- [TASK BRIEF] Print the lines exactly. Start at the first line of the material below, end with the line that contains "Masía provenzal familia, vista+, pisc.lagon, cerca", and skip all pictures.

*** Opening of STORED DATA ***

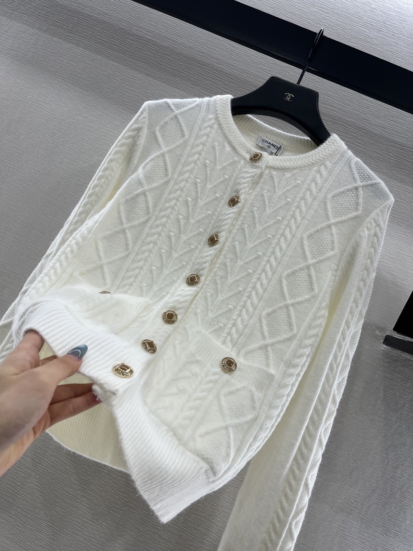 这款衣服是AAAAA 1:1 质量 (非常棒). 使用了和原版一模一样的材料. 商标部分也保持了和香奈儿/Chanel一样. 图片拍摄是实物衣服拍摄, 您所收到的实物保证和我们图片一模一样.
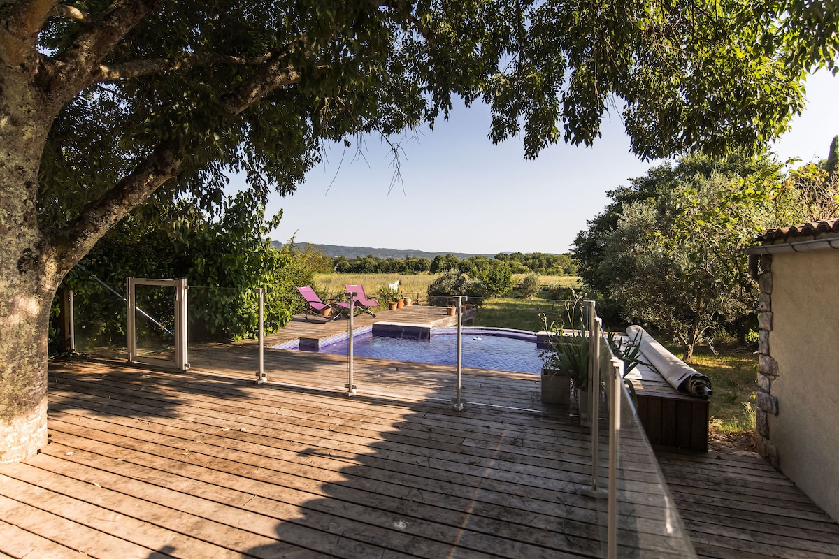 Masía provenzal familia, vista+, pisc.lagon, cerca de Uzès
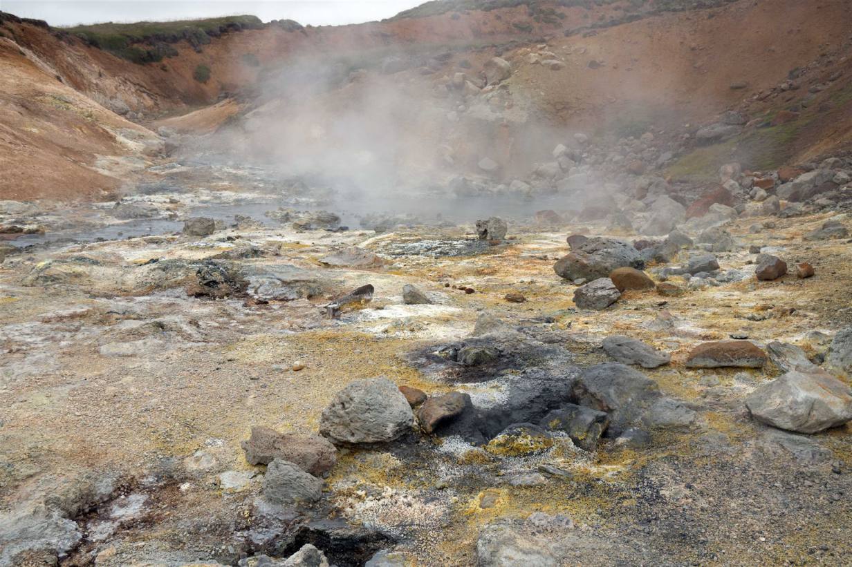 Das Wetter war heute den ganzen Tag bedeckt (Hochnebel). Wir fuhren um halb zehn los. Wir hatten keine grosse Strecke zu bewältigen und auch nicht viel zu besuchen. Unser erster Halt galt dem Thermalgebiet von Seltun. Das Geothermalgebiet mit seinen großen, blubbernden Schlammtöpfen und den farbigen Ablagerungen auf der rotbraunen Erde ist eine Augenweide. Für den Holzstegweg wird man je nach Interesse an den Informationstafeln und Fotopausen zwischen 20 und 30 Minuten benötigen. Will man allerdings den spektakulären Ausblick genießen, sollte man ca. 40 Minuten mehr, gute Schuhe und ein wenig Kondition mitbringen. Am oberen Ende des befestigten Weges führt links ein schmaler Pfad den Hügel hinauf. Meistens sieht man ein paar Leute laufen und bekommt eine Ahnung davon, wie man sich sicher durch das Thermalgebiet Richtung Aussicht zu bewegen hat. Oben angekommen, kann man sich an der Landschaft gar nicht sattsehen. Hinter dem Geothermalgebiet liegt einer der tiefsten Seen Islands, der Kleifarvatn. Bekannt wurde er 2000, als er nach einem starken Erdbeben ein Fünftel seiner Wassermenge 'verlor'. Wir beliessen es unten zu bleiben. Auch hier blubbert es aus allen Löchern. Der Schwefelgestank zeigt uns dass da unten in der Erde etwas los ist.
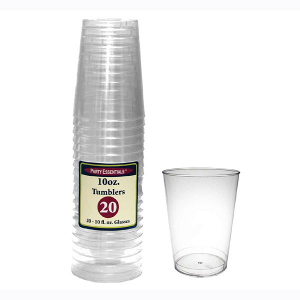 These disposable tumblers make for an easy clean up . They are 10 ounces each. These tumblers are sturdy and a great option if you want to have a nice looking set up with out worrying if your favorite china will be broken. Also, these would be perfect for a camp out, cook out, and for any type of party!
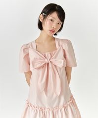 플라워 리본 벌룬 원피스 - 핑크

*** Close of STORED DATA ***

- [EXERCISE ANSWER]
 这款衣服是AAAAA 1:1 质量 (非常棒). 使用了和原版一模一样的材料. 商标部分也保持了和香奈儿/Chanel一样. 图片拍摄是实物衣服拍摄, 您所收到的实物保证和我们图片一模一样.
 Masía provenzal familia, vista+, pisc.lagon, cerca de Uzès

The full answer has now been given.